**Your instructions:**
Copy out the lines beginning with the one that contains "一抹温暖的棕色与橄榄绿交织的" and ending with the last line below, exactly as they stand. Pictures are not copied.

**Recorded data:**
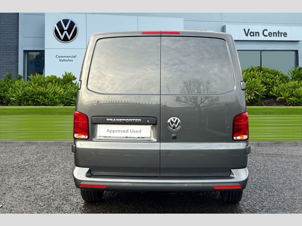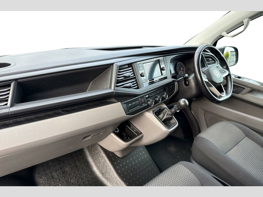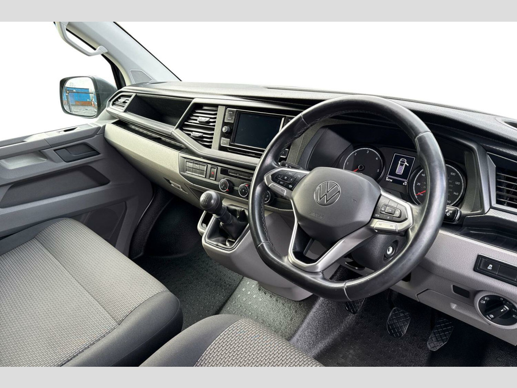 Metallic paint, LED headlights with LED daytime running lights, Rear view camera, Front and rear parking sensors, Electronically controlled air conditioning system, Armrest for driver right cab seat, Dual passenger seat in cab, Metallic - Indium grey, Heat insulating glass (green) in cab and passenger/load compartment, Heated front windscreen, Windshield wiper intermittent control with rain sensor for windshield wipers, 16" chassis with 16" brake system, Radiator grille with 2 chrome trims, Transporter nameplate on the rear fender, Automatic headlight control, leaving home and manual coming home feature, Front fog lamps with cornering light, Electronic stability control, ABS, ASR with deactivation button, hill start assist and brake assist system, Start/stop system with regenerative breaking, Adaptive cruise control, Cross wind assist, Left convex exterior mirror, Power folding adjustable door mirrors with separately heated, Right convex exterior mirror, 3 point height adjustable seat belts on outer seats cab with electric pretensioners, Driver and front passenger airbag with front passenger airbag deactivation, Warning buzzer and light for driver and front passenger seat belt not fastened, Without child safety lock in passenger compartment, Mobile phone interface, 2 USB interfaces type C in dashboard, 4 speakers with 2 tweeters and 2 woofers, Composition colour radio with 6.5" touchscreen, Digital radio reception (DAB+), Volkswagen app connect, Closing rear wing door with unlatching from the inside, Rear wing doors without window apertures, Dimmable illuminated instruments, Driver alert with Multi-function display plus, Multi function display plus with black and white display, eCall emergency system, Forward collision warning front assist with autonomous emergency braking, Diesel particulate filter, Dust/pollen filter, 3 spoke leather wrapped multi function steering wheel, Auto dimming breakaway interior rear view mirror, Comfort headliner in cab, hardboard roof trim in passenger and load compartment, Glove compartment with illumination, Heavy duty tool kit and jack, High partition, Refrigerant R134a, Standard lower part dashboard in palladium, Storage compartments on cab seats and reading light, LED Interior lighting in load and passenger compartment, Front and rear left without window closed side panel in load compartment, Interior plastic loading edge protection, Without right side window apertures in passenger and load compartment, Comfort pack - Transporter, Exterior pack without fog light- Transporter, Non smoker pack - Transporter, Front seats on the right in 1st row of seat, Manual adjustable lumbar support for right single seat in 1st row seats, Anti theft alarm system with interior monitoring in cab, backup horn and towing protection, Lockable wheel bolts, 16" Clayton alloy wheels
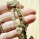 一抹温暖的棕色与橄榄绿交织的玉石手链,点缀着手工雕刻的玫瑰,并以双圈金绿色玉珠串成。 最后系上枫叶坠饰,承载着秋日沉静之美。🌿✨
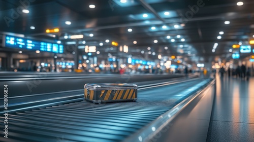A metallic suitcase sits on an airport baggage carousel. Illustrates travel, baggage claim, and transport themes.
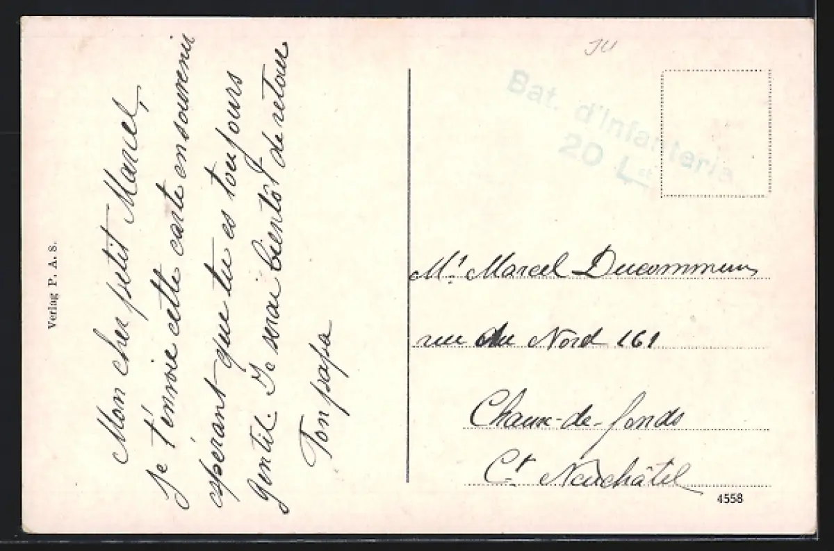 Personenbezogene Daten auf der Rückseite der Karte wurden durch blauen Textmarker unkenntlich gemacht. Die blauen Stellen sind auf die Vorderseite durchgeweicht und wirken sich negativ auf das Postkartenfoto aus

**Written answer:**
 一抹温暖的棕色与橄榄绿交织的玉石手链,点缀着手工雕刻的玫瑰,并以双圈金绿色玉珠串成。 最后系上枫叶坠饰,承载着秋日沉静之美。🌿✨
A metallic suitcase sits on an airport baggage carousel. Illustrates travel, baggage claim, and transport themes.
 Personenbezogene Daten auf der Rückseite der Karte wurden durch blauen Textmarker unkenntlich gemacht. Die blauen Stellen sind auf die Vorderseite durchgeweicht und wirken sich negativ auf das Postkartenfoto aus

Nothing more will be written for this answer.